Innovation doesn’t have to be drastic
When brainstorming the Next Big Thing, some new product or idea that will change everything and add a few extra zeros to your bank balance, you don’t always need to reinvent the wheel. In fact sometimes the smallest changes to existing formulas can be the most important and profitable.
People tend to stray away from the small and mundane because it’s less glamorous. Chasing our big ideas is chasing our dreams. We want to shoot for the moon, not the next town over. Apollo 11 was number eleven for a reason though. If you have a big idea, work backwards from it. Innovation can be incremental. You have to build up, and you may well find something simpler and in fact, more valuable, along the way.

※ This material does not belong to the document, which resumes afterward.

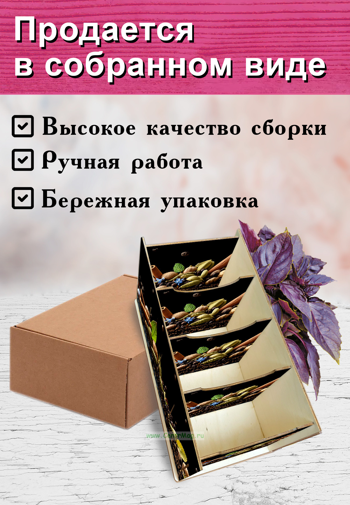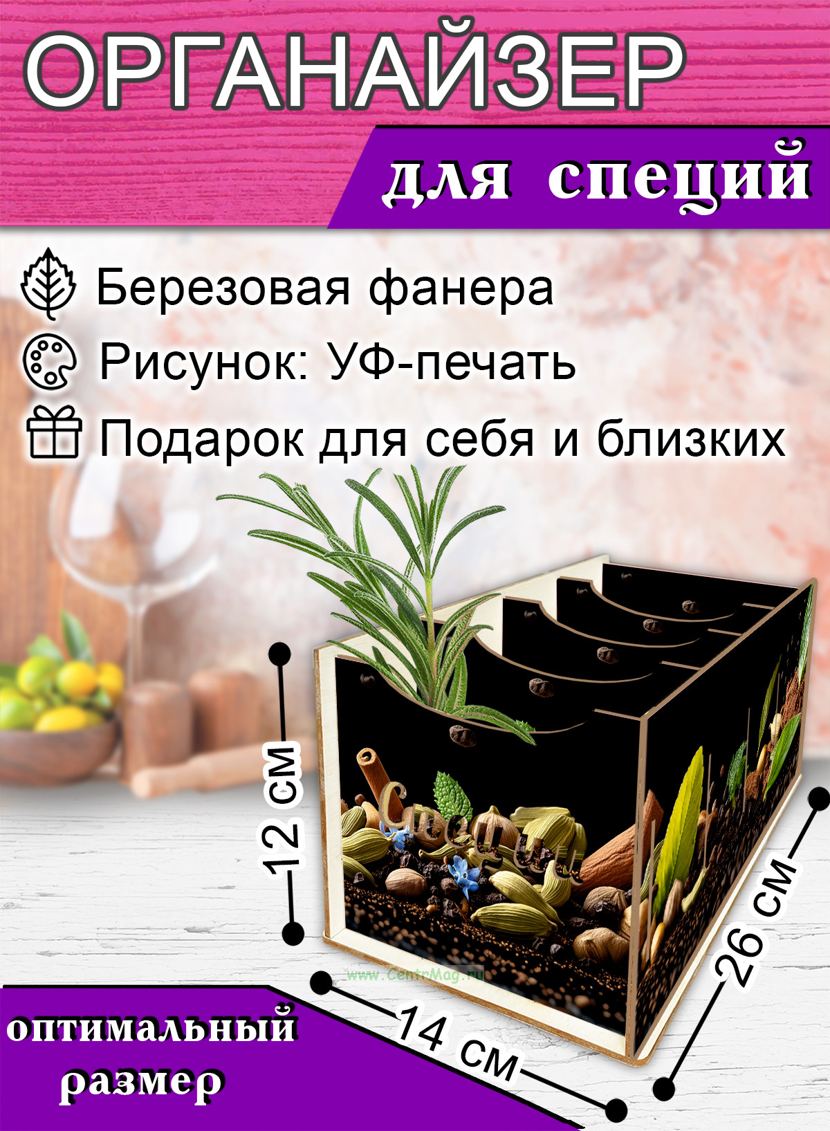 Дизайнерский органайзер для специй поможет организовать хранение приправ и обеспечить порядок на кухне. Контейнер вмещает в себя большое количество душистых пакетиков с орегано, сушеным базиликом, чесноком и другими пряностями. Приятный натуральный дизайн контейнера дополнит любой интерьер и придаст ему домашний уют. Оптимальный размер позволяет расположить органайзер, как на столе, так и на полке шкафа.

If you look at all the biggest products and services of the last few decades or so, many of them have been deliciously simple. A simple twist on a core idea, or perhaps just the streamlining of an existing one. Uber, and all its many diminutives, brought peer-to-peer services to transportation and completely revolutionised the taxi and food delivery markets in the process. ‘McDonalds doesn’t deliver? No problem, we’ll bring the delivery to them and then to you.’ It was an extension, an addition to a tried and tested industry that changed everything.
Some of the twentieth century’s most prominent entrepreneurs and ideas people made their name with relatively simple ideas. Elon Musk may be known now for outlandish ideas about space travel and colonisation of Mars, but his most profitable venture to date is also one of his first – PayPal – which as an idea is as simple as they come, a streamlined means to make online payments with just an email address and a password. Whilst Tesla and SpaceX hemorrhage money on a yearly basis, kept afloat by promise alone, PayPal endures and profits two decades after its inception.
It goes beyond big business. In some of the world’s poorest and resource-restricted countries and environments, small changes have made an enormous difference. The ‘Penguin’, a simple plastic suction bottle, is used in the third-world to remove airway obstructions with ease, reducing child mortality rates. In India, health organisations had difficulty getting parents to vaccinate their children. The solution? Give away a bag of lentils with each vaccination. Immunisation rates soared. By examining the problem, aid organisations found a basic, common incentive that made a measurable and significant difference. This same logic can be applied anywhere. Instead of focusing on creating a market or need, look at what already exists and isn’t being catered to, or isn’t being catered to well. Improvement and incrementation.
Thinking big is good; the heart of innovation is daring to dream. It doesn’t mean, however, that you should be missing the forest for the trees. Getting caught up in either the minute or grand can leave you blind to the simple and sublime.